Hoya wins over inferior non-conference foes often are a matter of ebb and flow, and Saturday was no different. Georgetown came out of the gates quickly, with DSR and Markel Starks hitting a pair of threes to help build an early 23-12 Hoya advantage. But that large, early lead only whittled (too soon?) as the Hoyas went ice-cold on offense and relaxed on defense.
The reasons for the offensive struggles were familiar. Joshua Smith was in and out of the game after picking up his second, and then third, foul. Georgetown continued to suffer from a lack of scoring depth, as no one beyond Smith-Rivera and Starks could connect from outside. The Hoyas also struggled to penetrate through the Lipscomb zone, instead hoisting brick after brick from deep. In all, Georgetown missed 14 straight three-point attempts in the first half, allowing the Bison to creep within one entering intermission.

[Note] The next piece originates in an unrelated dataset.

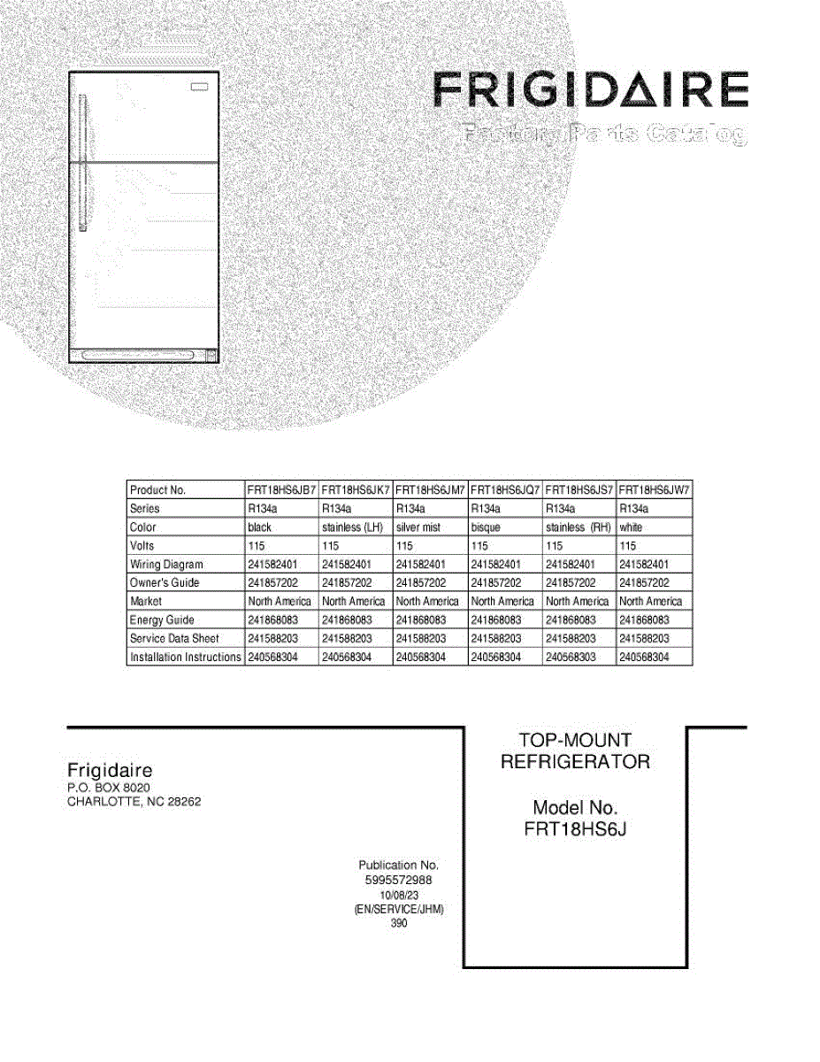 Parts for Frigidaire FRT18HS6JQ7: 01 - Cover Parts
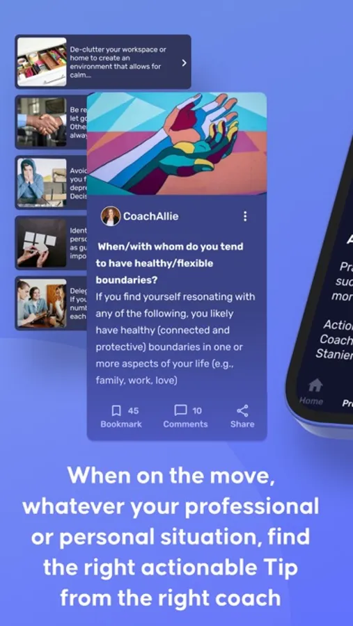 • When on the move, whatever your professional or personal situation, you can access the right actionable Tip from the right coach.

Halftime interrupted what might have been Northeastern 2.0. Whether it was a tongue-lashing from JT3 or an early technical foul on Smith after the half, Georgetown was a different team for the rest of the game. A rim-rattling dunk by Jabril Trawick kick-started what became a 14-point Georgetown run that blew the game open. Both Trawick and Mikael Hopkins--now the only two members of the recruiting class of 2011 on the court--found their strides after the half. Hopkins finished with 13 points, all after the half, including his second three-pointer on as many tries this season. Smith-Rivera also poured it on after the half, hitting 4 of 7 from deep en route to a game-high 17 points. In all, Georgetown connected on 56.5 percent of its shots after intermission.

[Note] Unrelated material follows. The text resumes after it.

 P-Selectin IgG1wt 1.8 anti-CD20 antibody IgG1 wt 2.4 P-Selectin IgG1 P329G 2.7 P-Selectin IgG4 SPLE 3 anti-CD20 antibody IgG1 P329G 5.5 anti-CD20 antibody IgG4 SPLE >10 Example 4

The Hoyas also clamped down on Lipscomb defensively, holding the Bison scoreless for nearly 7 minutes after the break (aided by some shaky opposing free-throw shooting). When Smith's technical landed him on the bench, the more defensively adept front line of Hopkins and Nate Lubick clogged the interior, while the veteran Hoya back court forced turnovers on the perimeter. Along with foul trouble and scoring depth, defense remains among the biggest question marks for Georgetown, but a strong stretch late on Saturday was encouraging.
Saturday's result was good enough, and overshadowed before it even began by news of Greg Whittington's dismissal from the team. JT3 refused to comment after the game on Whittington and we'll have more on that once the reasons for his dismissal are given.
On the court, Georgetown struggled in ways that have become predictable, even in this young season. First on the list of miscues were fouls, which limited Smith's play Saturday. While Georgetown was a little bit less foul-happy Saturday, the Hoyas still rank in the bottom 10 nationally in foul rate. A second familiar weakness was poor outside shooting that ground the Georgetown offense to a halt. Through Saturday, Smith-Rivera (17 3FGM) and Starks (9) have hit more three-pointers than the rest of the team combined (7). Particularly against zones, Georgetown is vulnerable to prolonged droughts. Third, uneven defensive effort opened the door for Lipscomb's comeback. The absence of Otto Porter, unfavorable rule changes, and the addition of a defensive liability to the lineup all mean that Georgetown is not the defensive juggernaut of the past two seasons. Still, the second half in particular revealed the potential for these Hoyas, as Trawick and Hopkins gave a bit of scoring depth that otherwise has been lacking, Smith-Rivera found his touch from deep, and Georgetown turned the screws a bit defensively.
The win came in the first of four straight home games against opponents that are inferior but not necessarily pushovers. Next in line is High Point, which visits the Phone Booth Thursday.